Marie-Josée R. Roy | Agence QMI

STEVE MADDEN/AGENCE QMI

Mika prépare son retour. À quelques jours du lancement de son cinquième album original, «My Name Is Michael Holbrook», qui paraîtra le 4 octobre, le coloré chanteur était de passage au Théâtre Corona, dimanche, pour le premier de deux concerts à Montréal.
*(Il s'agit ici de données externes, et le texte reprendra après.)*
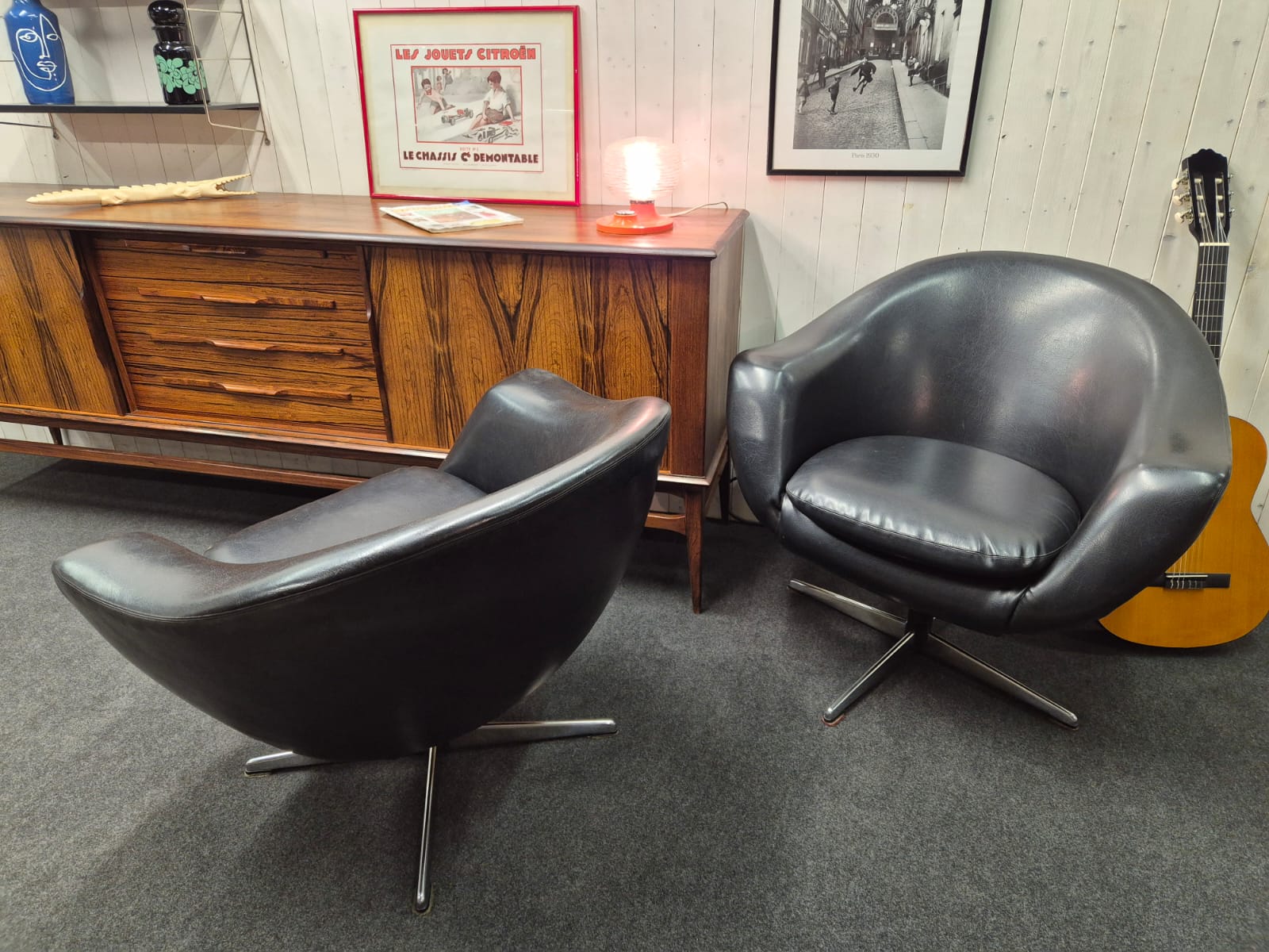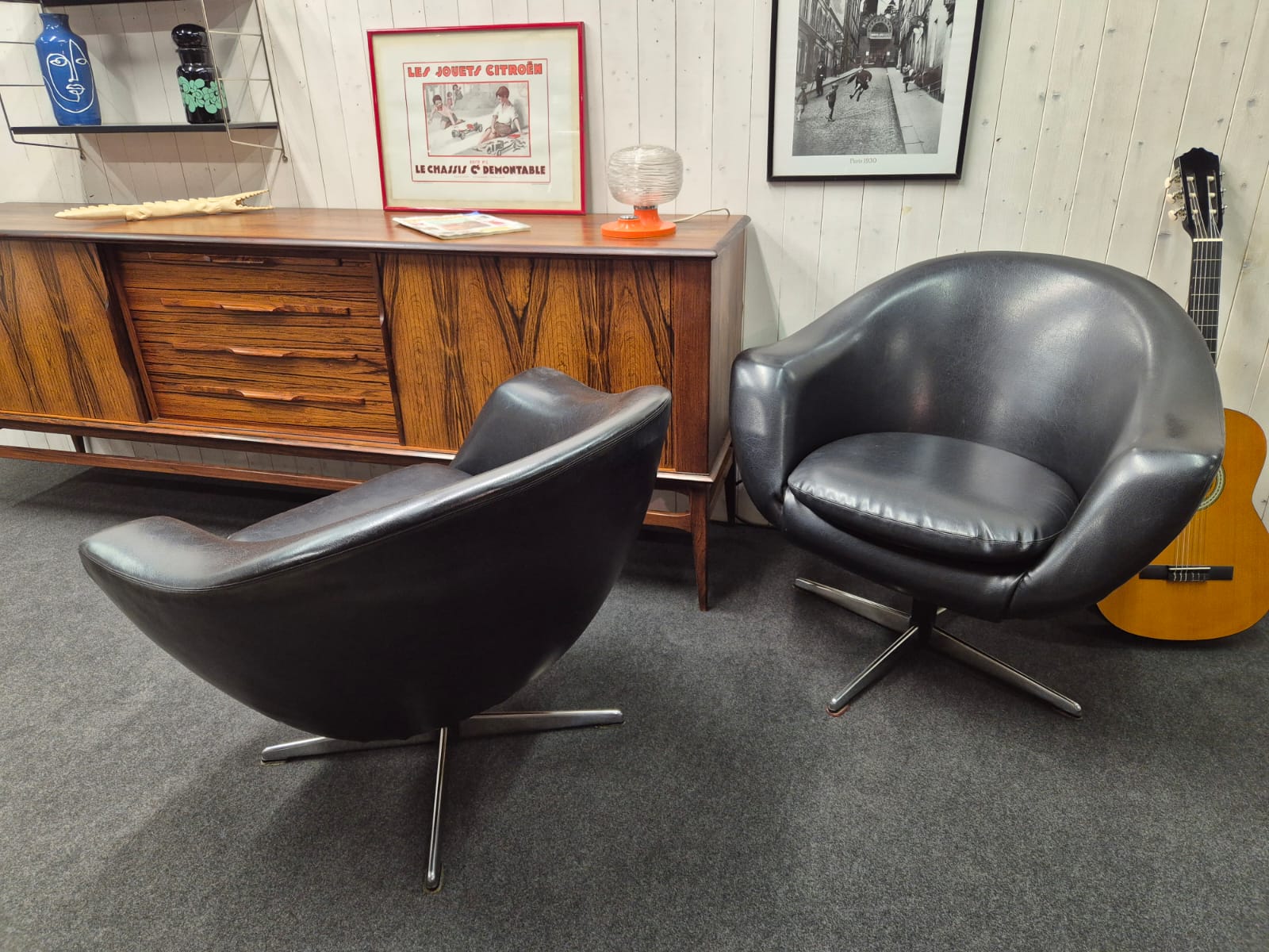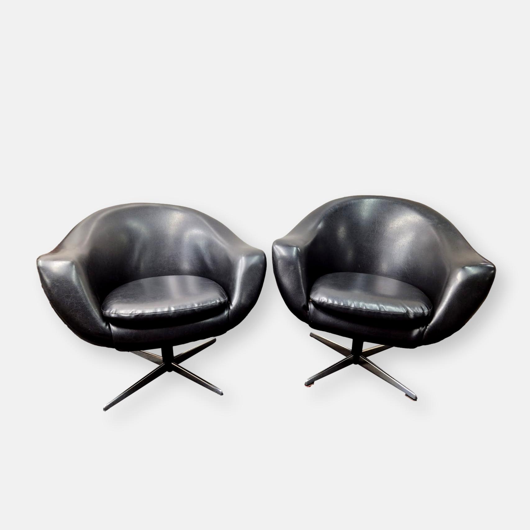joli duo de fauteuils Coquille Ballon pivotant, années 60/70, design scandinave dans le goût de Karl Eric Klote pour Overman.
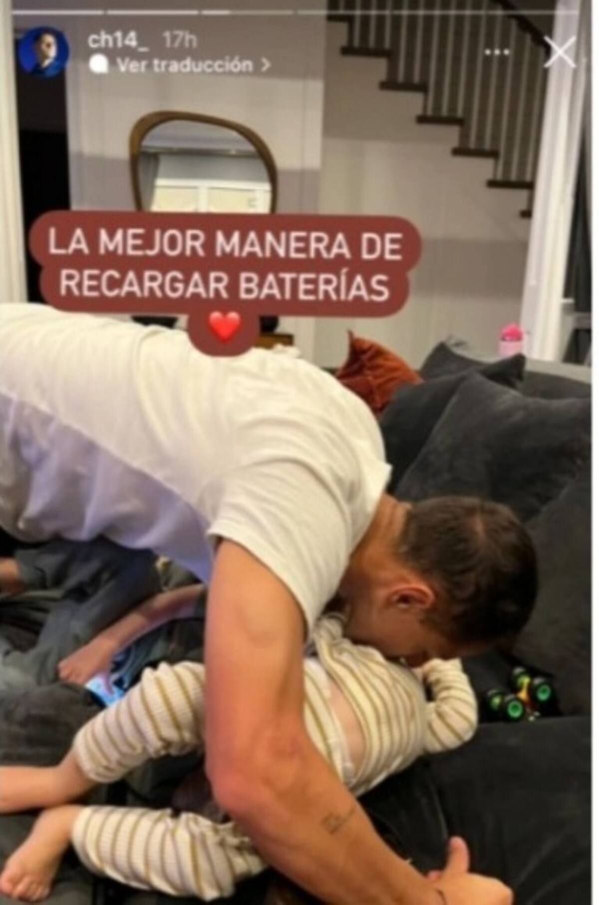 En la historia que posteó en Instagram se alcanza a apreciar que Hernández está dándole un beso a uno de sus hijos, aunque no se aprecian las caras de los pequeños, sólo se observa que están recostados en un sillón rodeados de algunos juguetes y uno de ellos tiene un dispositivo electrónico en su mano.
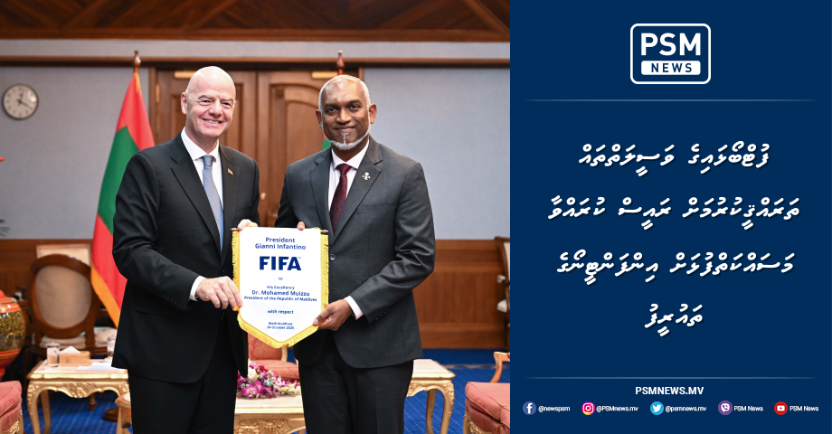 ރާއްޖޭގެ ރައީސްއާއި ފީފާގެ ރައީސްގެ މަޝްވަރާތަކަށްފަހު އިންފަންޓީނޯ ވިދާޅުވީ ރައީސް ޑރ. މުއިއްޒު އަދި އެމަނިކުފާނުގެ ސަރުކާރަކީ ދިވެހިންގެ ވަރުގަދަ ލޯތްބެއް އެކުޅިވަރަކަށް ދީފައިވާ ފުޓްބޯޅައަށް ވަރަށް ބޮޑަށް އެއްބާރުލުން ދެއްވާ ސަރުކާރެއް ކަމަށެވެ.

Un rendez-vous avec ses admirateurs qui laissait présager un retour éclatant pour l’idole pop.

N’ayant pas proposé de disque depuis 2015 - année à laquelle remontent la sortie de «No Place in Heaven» et son tube «Boum Boum Boum» -, il y a déjà un moment que Mika n’a pas cartonné aux palmarès.

Mais l’accueil que lui réservait une assistance bruyante et entichée de 985 âmes, dans un Corona qui affichait complet, dimanche, indiquait hors de tout doute que les projecteurs sont loin d’être éteints pour lui. Cris d’effusion, «On t’aime, Mika!» répétés, devant un artiste généreux, né pour briller, ont bien prouvé que l’engouement pour ce dernier est intact.

La foule l’a joyeusement accueilli au son du premier extrait de sa nouvelle collection, la pimpante - pourrait-il en être autrement avec Mika? - «Ice Cream». À n’en pas douter, la ritournelle deviendra probablement une bombe radio, comme nombre d’autres morceaux de son répertoire.

Flamboyant

Le personnage n’a rien perdu de sa flamboyance ; son veston et son pantalon tout de rouge vif, sa collerette blanche et son énergie indéniable, qui a rapidement embrasé les lieux.

Il s’est ensuite adressé à la salle en français. «Ça fait quatre ans», a-t-il commencé.

Une sonorisation déficiente a fait en sorte qu’on a eu du mal à comprendre le reste de sa petite introduction. N’empêche, on l’a bien entendu lorsqu’il s’est autoproclamé jaloux, confession qui a introduit la toute fraîche «Dear Jealousy».

Au bout de deux chansons, sa veste avait fichu le camp; notre homme avait sans doute chaud, à s’égosiller de son timbre aigu si caractéristique en sautillant d’une extrémité à l’autre de son espace. Mika avait la mèche mouillée de sueur collée au front à la fin de «Relax (Take It Easy)», premier de ses grands succès qu’on pouvait espérer, lequel a ravi le public.

L’artiste était là pour promouvoir son nouveau matériel, mais il n’a pas négligé d’équilibrer son programme avec plusieurs de ses anciens titres à sensation. C’était réjouissant de voir les paires de bras haut levés, se balancer de gauche à droite, sur «Origin of Love».

Proche de son monde au propre comme au figuré, Michael Holbrook s’est offert un bain de foule en descendant au parterre pour interpréter «Big Girl (You Are Beautiful)» au milieu de ses fidèles. Il est ensuite remonté sur son trône pour la compléter, en bondissant toujours plus haut, toujours plus survolté.

Mika a plus tard pris place au piano pour un segment plus tranquille, alignant «Tiny Love», «Blue» et «Underwater», non sans avoir d’abord blagué qu’il «bouffe tellement» chaque fois qu’il vient à Montréal.

Après s’est amorcée une «Lollipop» dépouillée à laquelle le Corona tout entier a participé avec ferveur, puis est venue l’attendue et vitaminée «Elle me dit», qui aurait sûrement pu faire se déhancher tout le quartier Petite-Bourgogne, avant un quasi-recueillement sur la jolie «Happy Ending».

Mika se produira à nouveau au Corona lundi dans le cadre de sa tournée «Tiny Love Tiny Tour».